Tinjauan Pustaka kali ini akan membahas salah satu buku "Hujan Bulan Juni" karya Sapardi Djoko Damono
Identitas Buku:
Judul: Hujan Bulan Juni (Kumpulan Puisi)
Penulis: Sapardi Djoko Damono
Penerbit: Gramedia Pustaka Utama (Edisi terbaru)
Kesederhanaan yang Menghujam Jantung
Bagi para pecinta sastra, nama Sapardi Djoko Damono adalah sinonim dari kesederhanaan yang magis. Buku kumpulan puisi *Hujan Bulan Juni* bukan sekadar deretan kata, melainkan sebuah ruang kontemplasi tentang cinta, kerinduan, dan penerimaan.
Di dalamnya, Sapardi tidak menggunakan diksi yang rumit atau metafora yang meledak-ledak; ia justru memilih kata-kata sehari-hari yang disusun sedemikian rupa hingga terasa sangat personal.
Memaknai "Hujan" dan "Ketabahan"
Puisi utamanya yang berjudul sama dengan buku ini, *Hujan Bulan Juni*, telah menjadi ikon dalam sastra Indonesia. Sapardi menggambarkan cinta melalui sosok hujan yang turun di waktu yang "salah"—yakni bulan Juni, saat musim kemarau biasanya bertahta.
Melalui baris-barisnya, kita diajak menyelami tiga sifat mulia: ketabahan, kearifan, dan kebijakan.

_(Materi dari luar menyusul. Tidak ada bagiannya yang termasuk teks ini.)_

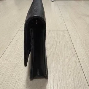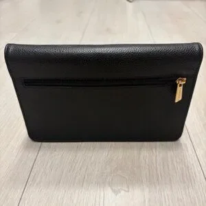 This small bag is in great condition. Has a few minor scratches on the soft leather on the inside. Can fit a phone lipstick keys and has pockets for cash and cards.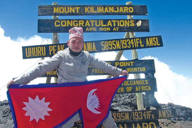 After climbing a few more mountains here and there, he decided to expand his mountaineering career into mountains all over the world, and not just Nepal. In 2014, he went to climb the African mountain Mt. Kilimanjaro, and was the fastest climber. After that,he ascended Europe’s highest-peak, Mt. Elbrus, which he did half-naked in 6 minutes and 30 seconds. After setting an impressive and unique record in Mt. Elbrus, he went to climb the Australian mountain Mt. Kosciuszko backwards. He began his ascent from Threadbo, a small alpine village, and reached the very top in 5 h and 45 min—dressed in the traditional daurasurwaland Dhaka topi.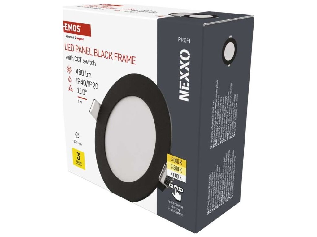 LED vestavné svítidlo NEXXO, kruhové, černé, 7W, se změnou CCT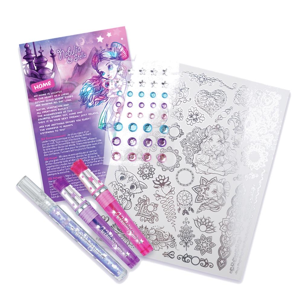 ¡Brilla como las estrellas! Un completo set de belleza para piel y uñas. 5 tipos de tatuajes temporales: color, metalizado, brillo en la oscuridad, sello y uñas.

Hujan yang menahan rintiknya, menghapus jejak kakinya, dan membiarkan dirinya diserap oleh akar pohon bunga itu adalah simbol dari cinta yang tidak menuntut, cinta yang rela menyimpan rindu dalam diam.
Mengapa Harus Dibaca?
Buku ini sangat cocok dibaca oleh siapa saja yang sedang merasa lelah dengan hiruk-pikuk dunia. Membaca lembar demi lembar puisinya terasa seperti mendengarkan bisikan air yang tenang. Sapardi berhasil menangkap momen-momen kecil—seperti angin yang berbisik pada pohon atau bayang-bayang di lampu jalan—dan mengubahnya menjadi sesuatu yang sakral.

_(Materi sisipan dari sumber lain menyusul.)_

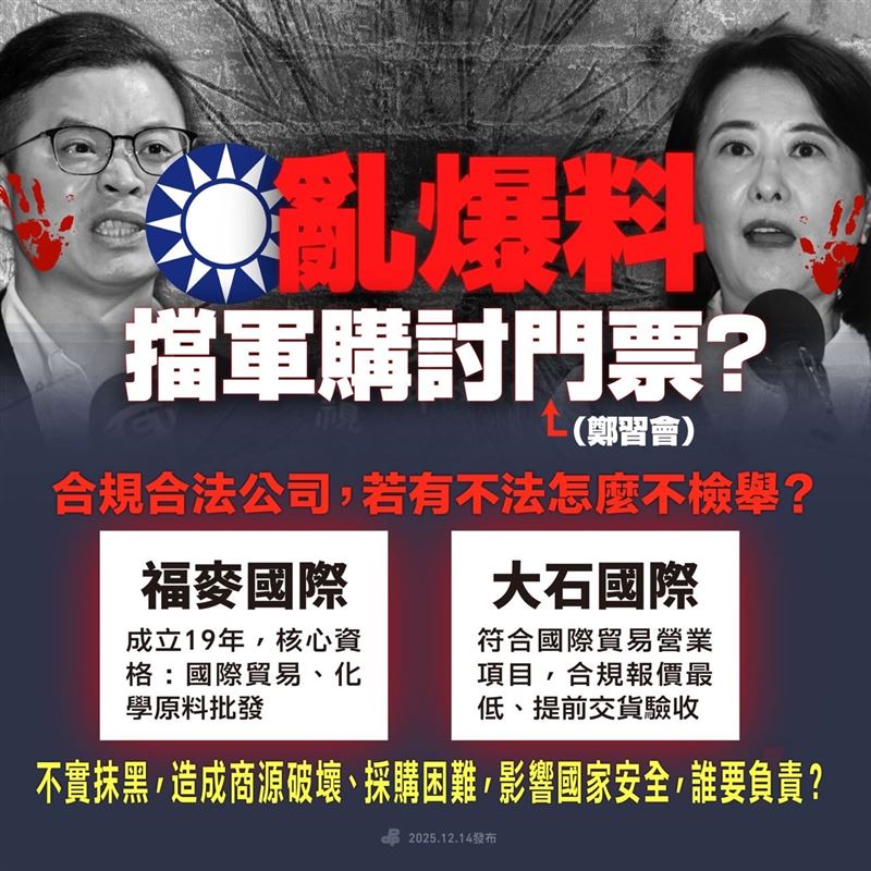 國民黨立委王鴻薇爆料,國防部一樁5.9億元彈藥採購案由一間台南室內裝潢公司得標,質疑兩者關聯性,更稱「小吃店進口快篩」事件重現,案件引發各界關注。國防部第一時間就澄清,依政府採購法規範,公開辦理招標採購,禁得起公開監督,同時憂心相關爆料傷害國防安全。今(14)日民進黨說出重話,抨擊國民黨根本是「亂爆料」、「為什麼不提出證據?為什麼不直接檢舉?」,更質疑一連串操作背後,難道是想換取「鄭習會門票」?

Bagi penulis pemula, buku ini adalah "guru" terbaik untuk belajar bagaimana sebuah perasaan yang kompleks bisa disampaikan dengan kalimat yang sangat singkat dan jernih.
Kutipan Favorit:
*"Tak ada yang lebih tabah dari hujan bulan Juni*
*Dirahasiakannya rintik rindunya kepada pohon berbunga itu"*
Kesimpulan
Hujan Bulan Juni adalah sebuah mahakarya yang tidak akan lekang oleh waktu. Ia adalah pengingat bahwa dalam dunia yang serba cepat ini, masih ada ruang untuk menjadi tabah dan bijaksana. Memiliki buku ini di rak perpustakaan pribadi adalah sebuah keharusan bagi setiap penikmat kata.